Xihang Dai
AI Engineer — RAG pipelines and LLM-powered agent systems
Education
Beijing University of Posts and Telecommunications
09/2019 — 06/2023Bachelor of Engineering, Telecommunications Engineering and Management
Experience
China Unicom Global LimitedAssistant AI Engineer
09/2023 — Present- AI engineer specialising in LLM-driven agent architectures and knowledge-centric systems, with proven experience in enterprise-scale deployment, evaluation, and heterogeneous accelerator environments.
- Took primary responsibility for end-to-end on-premises LLM deployment in isolated enterprise environments using Docker on GPU/NPU infrastructure; optimised inference performance for high-concurrency workloads and developed a comprehensive RAG evaluation framework.

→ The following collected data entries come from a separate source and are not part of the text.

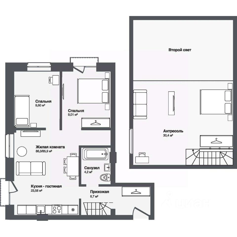 В комплексе представлены студии и 13-комнатные квартиры площадью от 30,2 до 91,9 м². Планировки продуманы для удобной жизни — просторные кухни-гостиные, террасы и панорамные окна наполняют квартиры светом.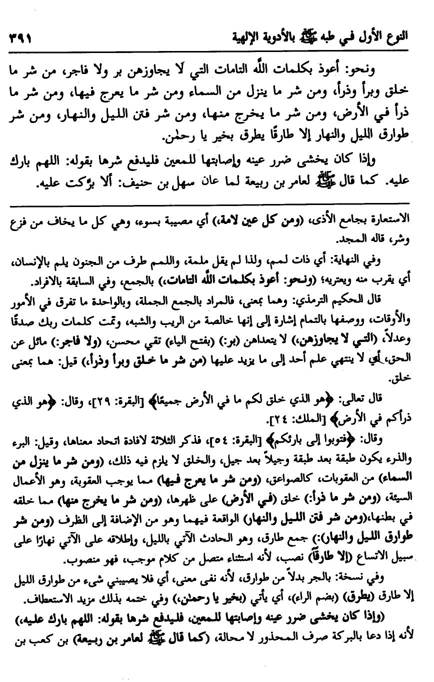 ونحو: أعوذ بكلمات الله التامات التي لا يجاوزهن بر ولا فاجر، من شر ما خلق وبرأ وذرأ، ومن شر ما ينزل من السماء ومن شر ما يعرج فيها، ومن شر ما ذرأ في الأرض، ومن شر ما يخرج منها، ومن شر فتن الليل والنهار، ومن شر طوارق الليل والنهار إلا طارقًا يطرق بخير يا رحمن.
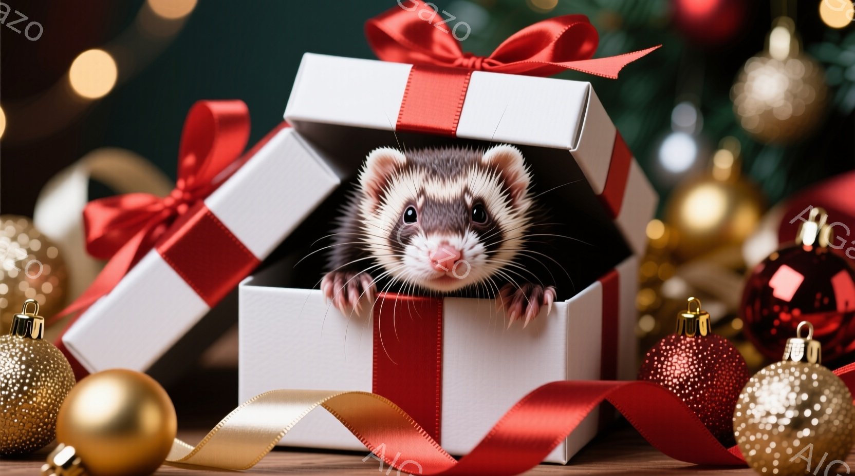 白いギフトボックスから顔を出し、好奇心いっぱいの表情でこちらを見つめるフェレットが写っています。赤いリボンが箱を飾り、背景には赤や金、青のクリスマスオーナメントが散りばめられて、華やかな祝祭の雰囲気を醸し出しています。全体的に温かく、遊び心に満ちた印象を与える写真です。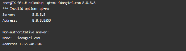 直接查询返回的是A记录,我们可以指定参数,查询其他记录,比如AAAA、MX等。
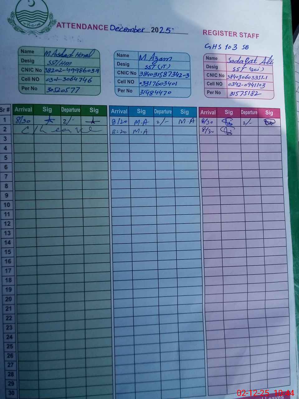 | CNIC | Full Name | Designation | R/C | Absence during last cal. month |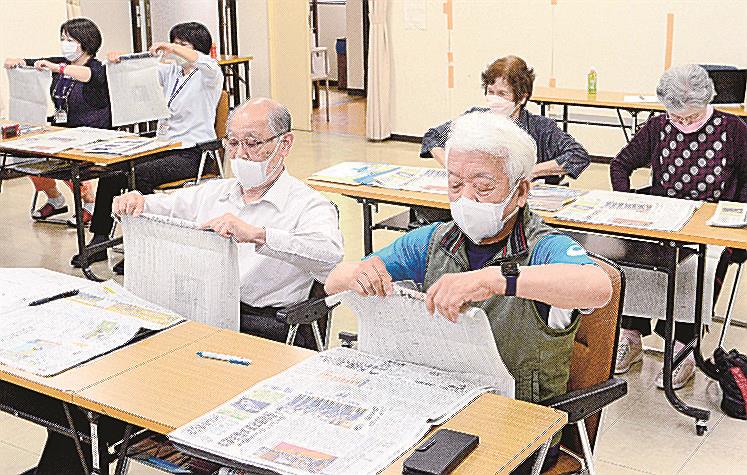 参加者は記事の一段落に「木偏」の漢字が何個あるか探したり、新聞紙をきれいに素早く巻き上げたりして脳の活性化を図る活動を体験。温泉津町温泉津の主婦大迫富子さん(84)は「楽しく、勉強になった。1面からしっかり読みたい」と話した。

- Experienced with LangGraph and Dify for agent development; working knowledge of OpenClaw for agent runtime orchestration. Hands-on with state management, short-/long-term memory design, and multi-turn context maintenance.
- Strong interest in long-term planning and self-evolving agent systems, with the goal of leveraging isolated-environment deployment experience to explore federated learning and privacy-enhanced techniques for agentic workflows.
Projects
Intelligent Question Answering PlatformEnterprise Knowledge Platform
09/2023 — Present- Designed and implemented end-to-end Python pipelines for ingesting, preprocessing, and indexing multi-format knowledge sources (documents, structured/semi-structured data), using Surya OCR for scanned and image-based content to build a unified enterprise knowledge base.
- Built an LLM-based RAG backend using FAISS as the vector store, BGE embeddings for retrieval, BGE reranker for re-ranking, and Qwen2.5-72B for answer generation, significantly improving answer accuracy.
- Developed source traceability and fault-tolerance mechanisms, enhancing system trustworthiness, stability, and usability.
- Deployed Docker-based containerised model-serving stacks across heterogeneous GPU/NPU environments (NVIDIA RTX 4090D, Huawei Ascend 910B), ensuring cross-platform compatibility and scalable deployment.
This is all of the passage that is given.